Zamykał drzwi nieswojego już domu. Tak, jak zamyka się książkę, po przeczytaniu ostatniej strony. W lewej dłoni ściskał ten swój amulet. Duży, ciężki lekko zaśniedziały. Spojrzał na niego jeszcze raz. Rzeczypospolita Polska, 1936 r. Spojrzał w ledwie widoczne oczy Marszałka i z uśmiechem ryszył przed siebie…

… I przyszedł do nas, opowiedzieć nam jej historię. Zastanawialiśmy się wspólnie nad tym nieprzypadkowym chyba jednak przypadkiem.
– To raczej metafizyka niż czystej wody koincydencja – powiedział.

Powinien się tu chyba znaleźć jakiś tradycyjnie polski przysmak, jak na przyklad marcińskie rogale. A tu tradycyjny belgijski deser. Okazuje się jednak, że pieczone jabłka to smak naszego dzieciństwa. Czasów, które odeszły, pozostawiając trwały ślad w naszej pamięci.

Przepisów na Rombosse jest bardzo wiele. To doskonały waloński deser z Liège. Używa się do niego gotowego ciasta francuskiego, czasami też typowo drożdżowego. Przepis na ciasto właśnie, który znalazłam w książce „60 produits passion” Nathalie Bruart i Eric’a Boschman’a zmieniłam. Jabłko delikatnie upiekło się w kruchej skorupce z ciasta, konfitura wypłynęła na talerzyk. Pyszności.
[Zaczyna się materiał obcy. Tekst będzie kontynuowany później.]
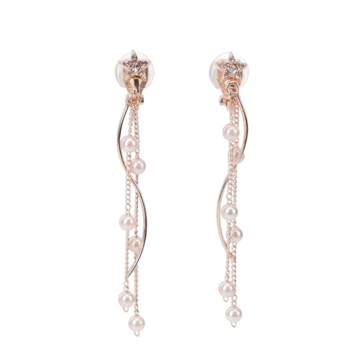 キラキラ輝くガラスストーンの星に、ゆらゆら揺れるパールチェーンとウェーブバーがお顔周りを華やかに彩ってくれます♪
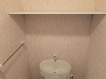 トイレ背面の壁に棚を取付、トイレットペーパーのストックなど置ける様にしました。
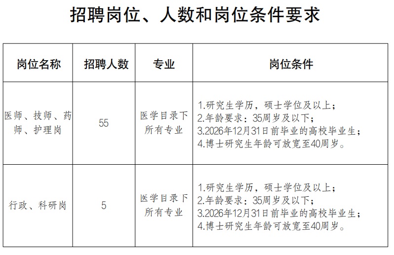 因工作需要,医院拟面向社会编外招聘以下岗位,公告如下:
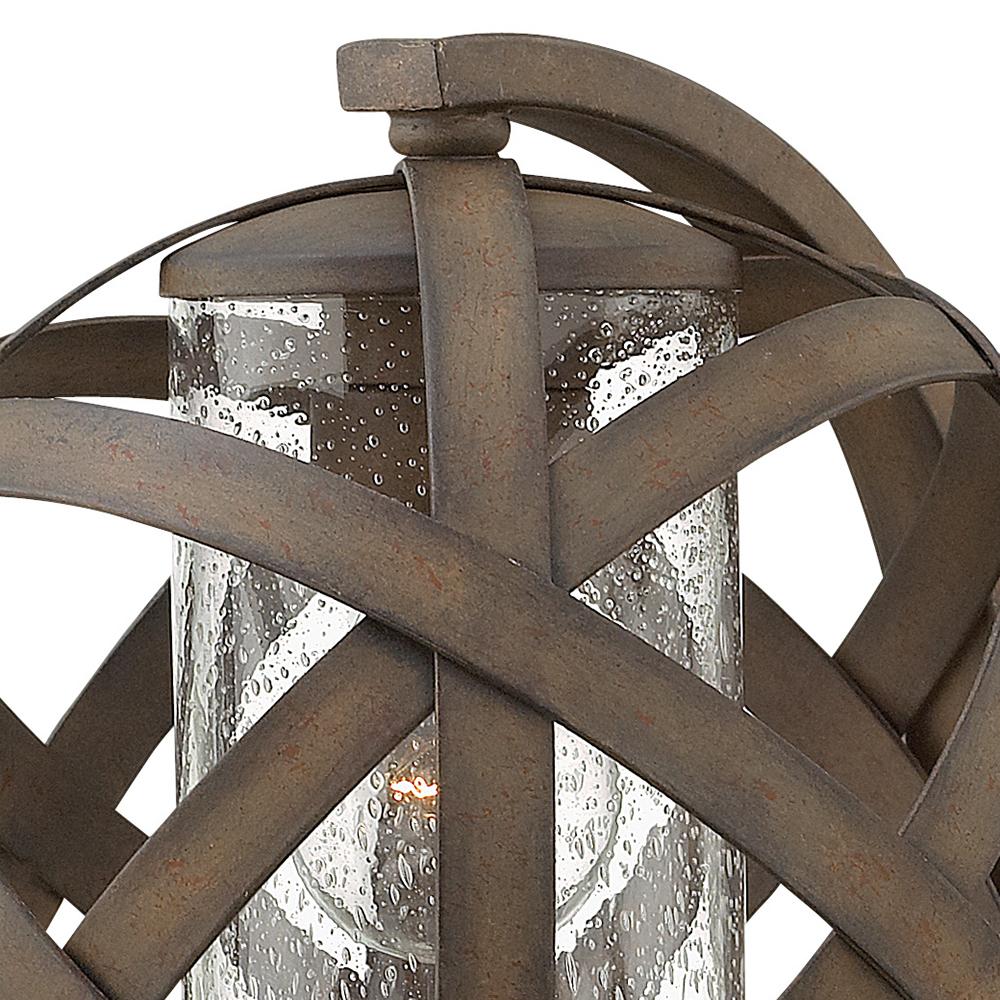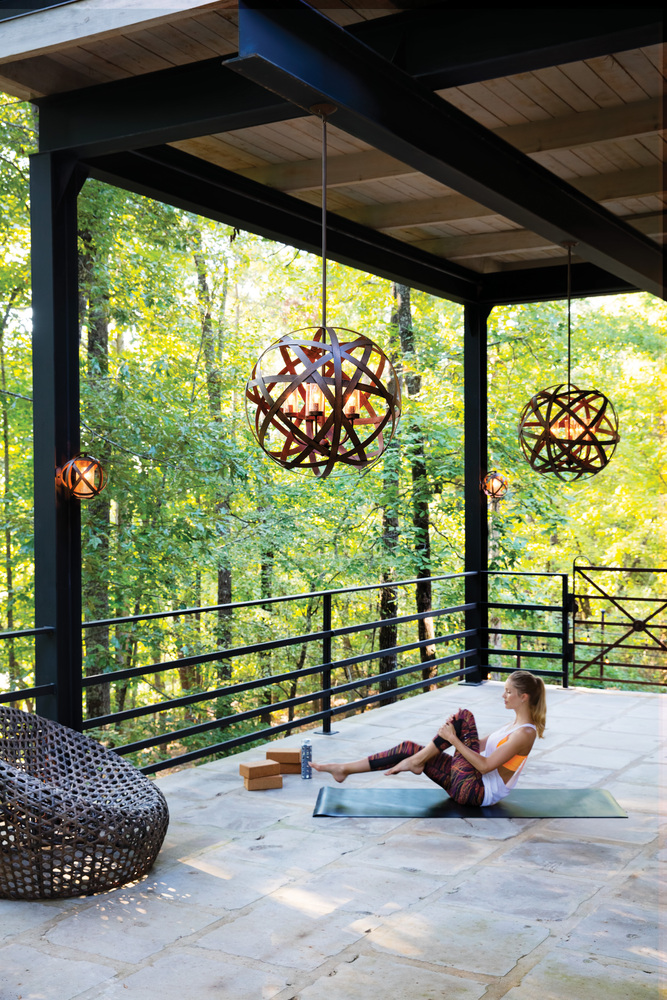 Carson features bold overlapping metal ribbons of Vintage Iron, enhancing an outdoor living area with style and substance. The handcrafted pendants combine a hint of industrial sophistication with the allure of artisan craftsmanship.

Rombosse czyli pieczone jabłka w cieście
Składniki:

5-6 jabłek
200 g mąki tortowej
100 ml mleka
1 jajko
1 łyżeczka cynamonu
konfitura z czarnych porzeczek
cukier cynamonowy lub zwykły jeśli nie macie

Przygotowanie:
1. Jabłka myjemy, osuszamy i pozbawiamy ogonków. Wydrążamy środki, starając się pozostawić jabłko w całości. Odstawiamy.
2. Lekko podgrzewamy mleko.
3. Przesiewamy mąkę do osobnej miseczki, wlewamy do niej mleko, wbijamy jajko, wsypujemy cynamon. Łączymy i zagniatamy.
4. Ciasto dzielimy na 5 części, każdą rozwałkowujemy równomiernie na bardzo cienki placuszek, najcieńszy z możliwych.
5. Do środka wydrążonego jabłka nakładamy konfiturę porzeczkową. Jabłko obficie obsypujemy z wierzchu cukrem.
6. Przykrywamy jabłko rozwałkowanym kawałkiem ciasta tak, aby utworzyło zamkniętą całość. Inaczej soki i konfitura mogą wypłynąć.
7. Tak przygotowane jabłka układamy na blasze wyłożonej pergaminem i pieczemy do zrumienienia się ciasta, ok. 10-15 minut, w temperaturze 175°

Smacznego!
11 comments Add yours
  1. Takie jabłka z cynamonem(ale bez konfitury) w kruchym cieście, to przysmak moich Dziadków, kupują w miejscowej cukierni (która jest starsza ode mnie). Bardzo mi się ten przepis podoba:-)
    I piękna historia w tle…

  2. To właśnie najczęściej zbiegi okoliczności kształtują nasze życie najpoważniej i najtrwalej. I to jest niesamowite! Przeczytałam gdzieś kiedyś, że jeżeli chcesz wierzyć w przeznaczenie, spójrz za siebie – a jeżeli chcesz wierzyć w przypadek, rozejrzyj się dookoła. I jest w tym chyba mnóstwo prawdy. Bo to życie pisze najbardziej emocjonujące i nieprawdopodobne historie…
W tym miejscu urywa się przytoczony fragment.